**MATERIAL PROVIDED:**
*** Block opens ***

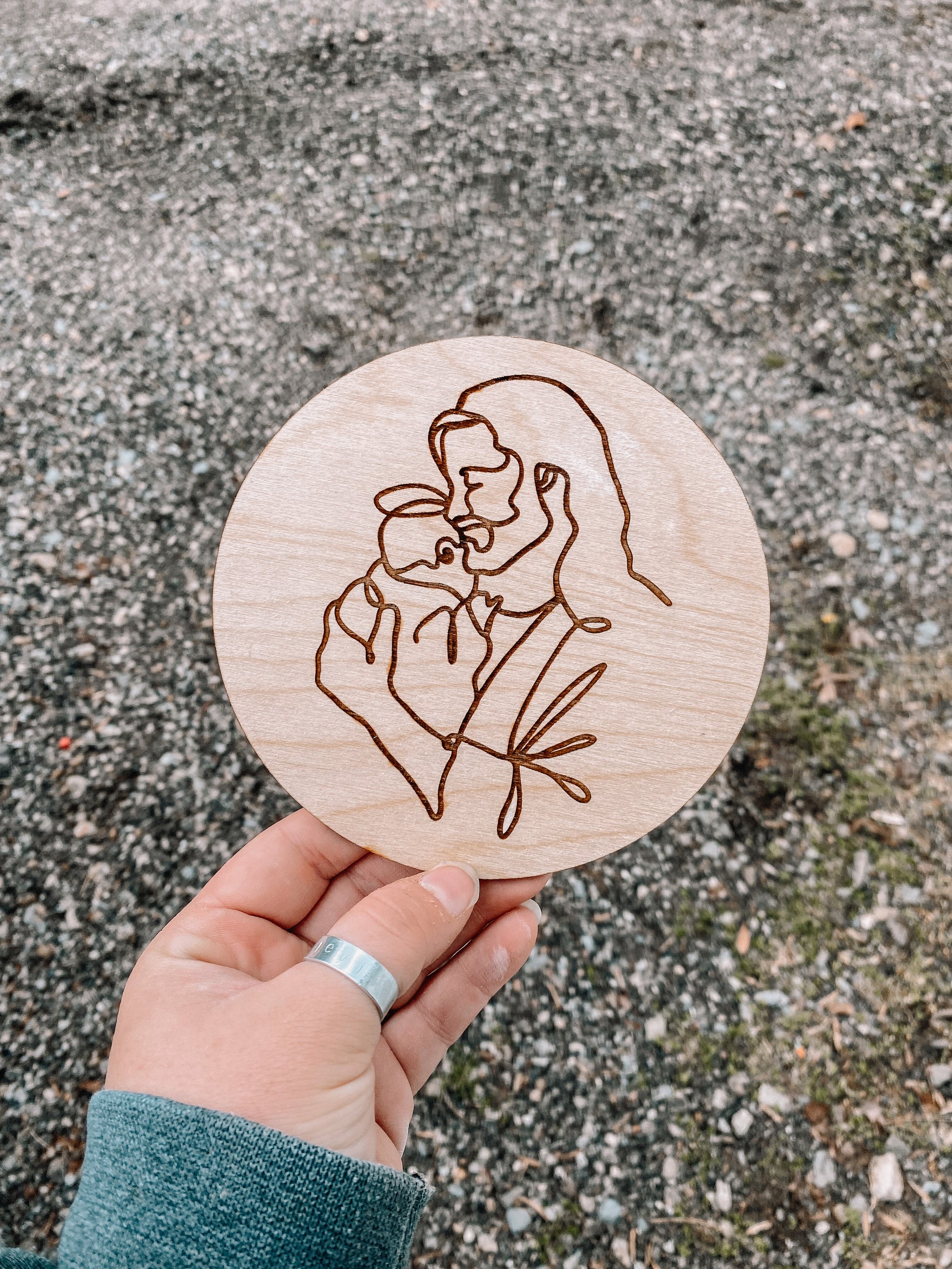 Our miscarriage round is a 5 inch round with the photo engraved. Perfect gift for anyone who has suffered a miscarriage.
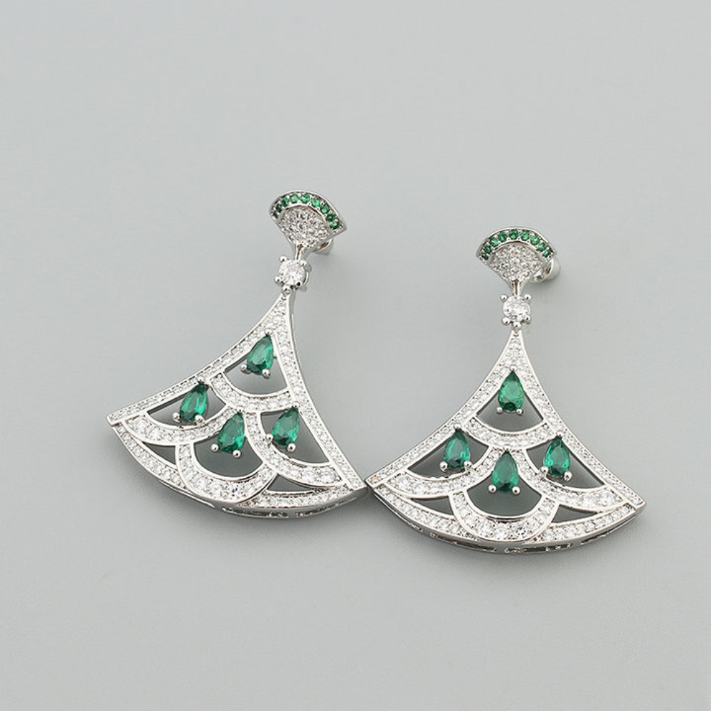 These are luxury fan-shaped earrings. The geometric openwork design is framed add a striking contrast and elegance. The top stud portion is also embellished with green stones, enhancing the overall sophistication and artistic appeal.
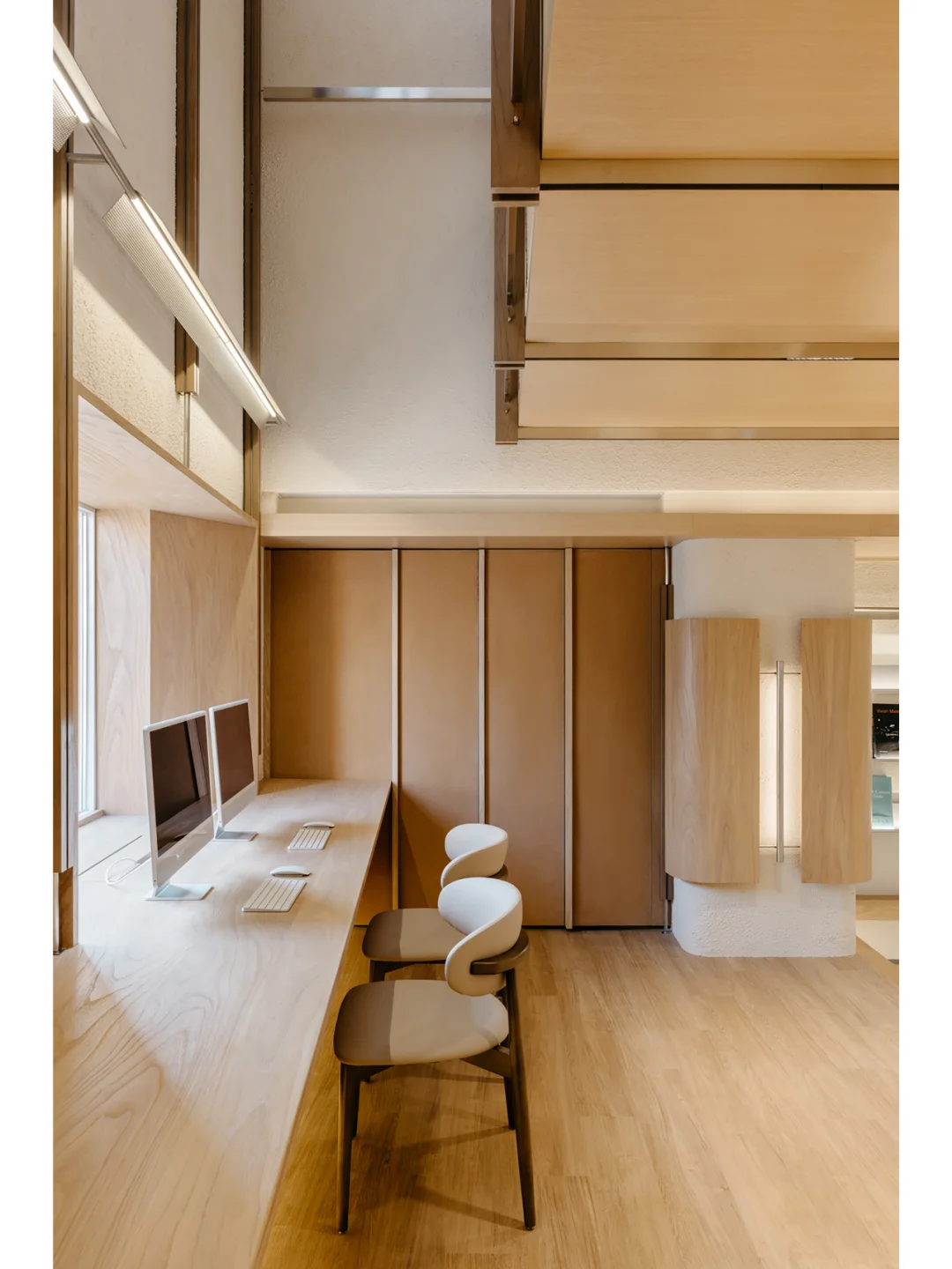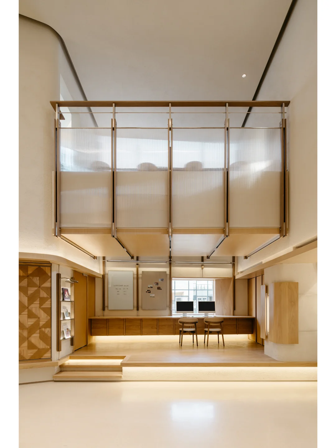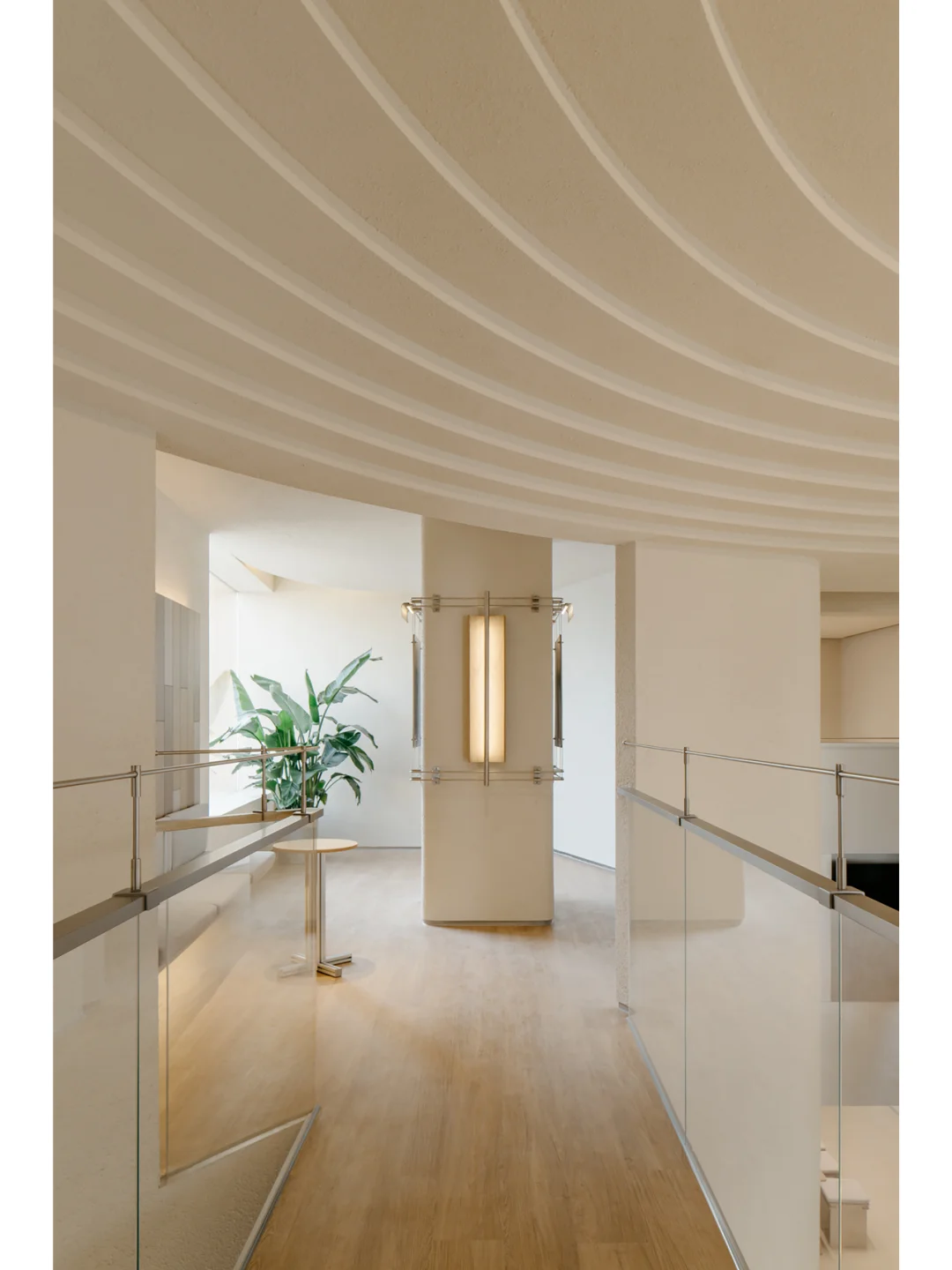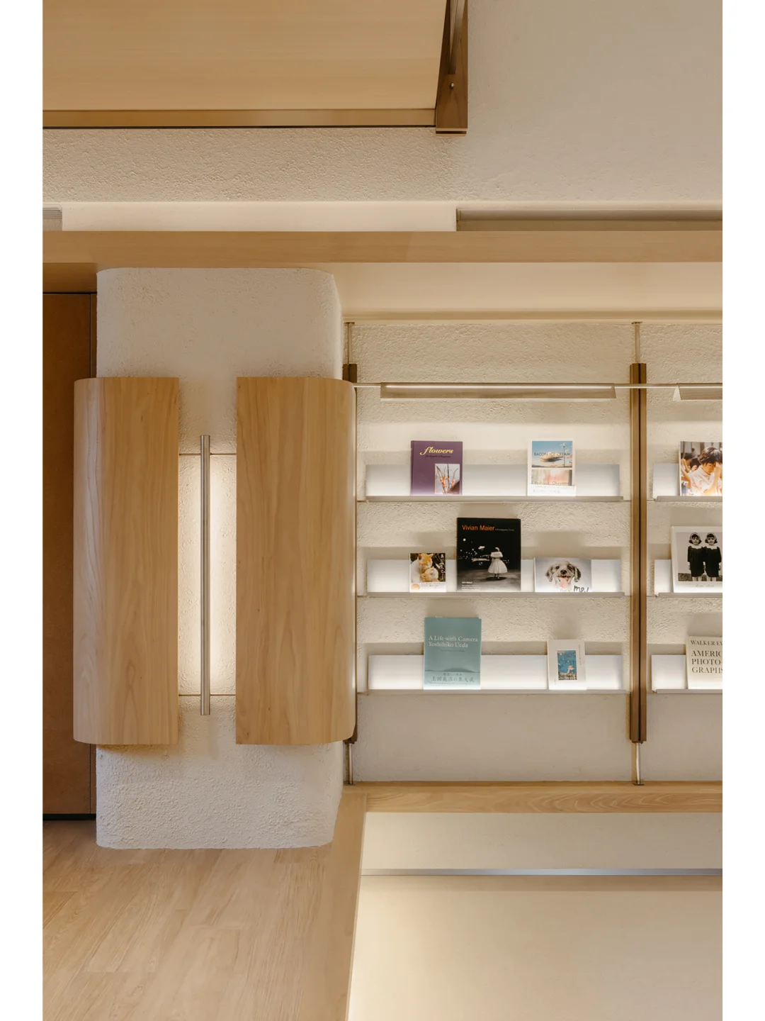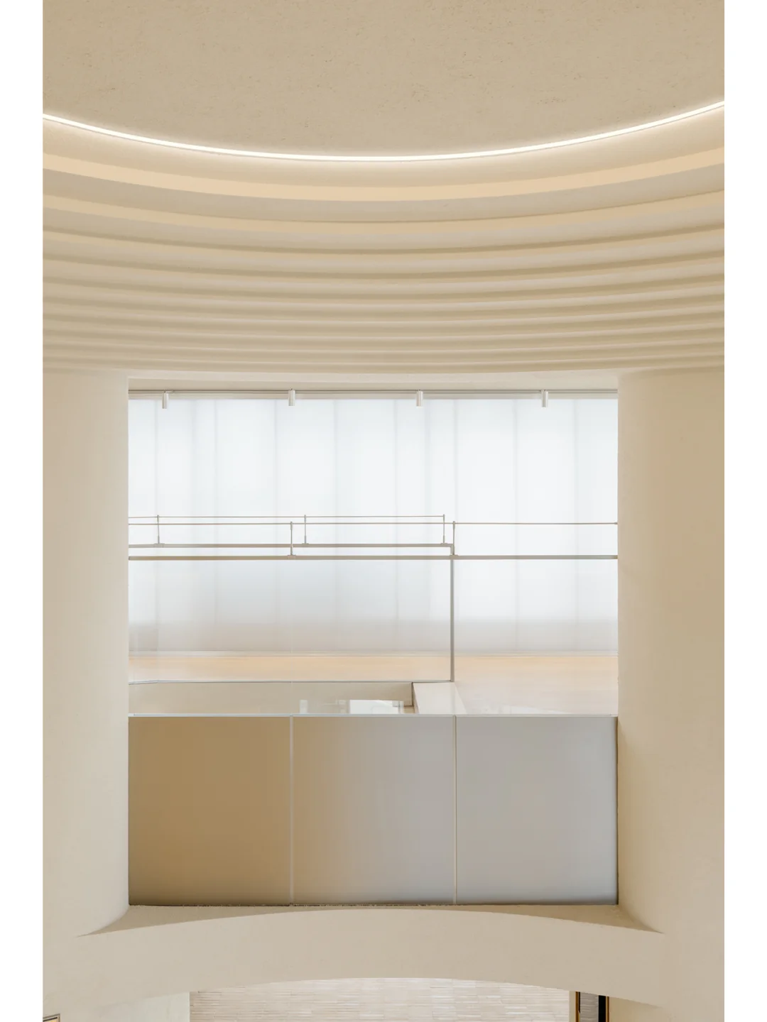 圆形挑高中庭成为汇聚视觉的空间核心,四周功能空间与其在布局上形成嵌套关系,成为连接各区域的枢纽。地铺用上从北京古旧建筑拆迁后回收而来的老青砖,既环保又富有在地性。整个空间中的展示道具混合榆木肌理与不锈钢细部,延续了自然与科技融合的主题。 叠级的圆形天花,灵感源自相机镜头的多层构造,为空间带来优雅的能量源。

*** Block closes ***

**WHAT TO DO:** The material must be returned exactly, with its pictures omitted.

**RESULT:**
 Our miscarriage round is a 5 inch round with the photo engraved. Perfect gift for anyone who has suffered a miscarriage.
 These are luxury fan-shaped earrings. The geometric openwork design is framed add a striking contrast and elegance. The top stud portion is also embellished with green stones, enhancing the overall sophistication and artistic appeal.
 圆形挑高中庭成为汇聚视觉的空间核心,四周功能空间与其在布局上形成嵌套关系,成为连接各区域的枢纽。地铺用上从北京古旧建筑拆迁后回收而来的老青砖,既环保又富有在地性。整个空间中的展示道具混合榆木肌理与不锈钢细部,延续了自然与科技融合的主题。 叠级的圆形天花,灵感源自相机镜头的多层构造,为空间带来优雅的能量源。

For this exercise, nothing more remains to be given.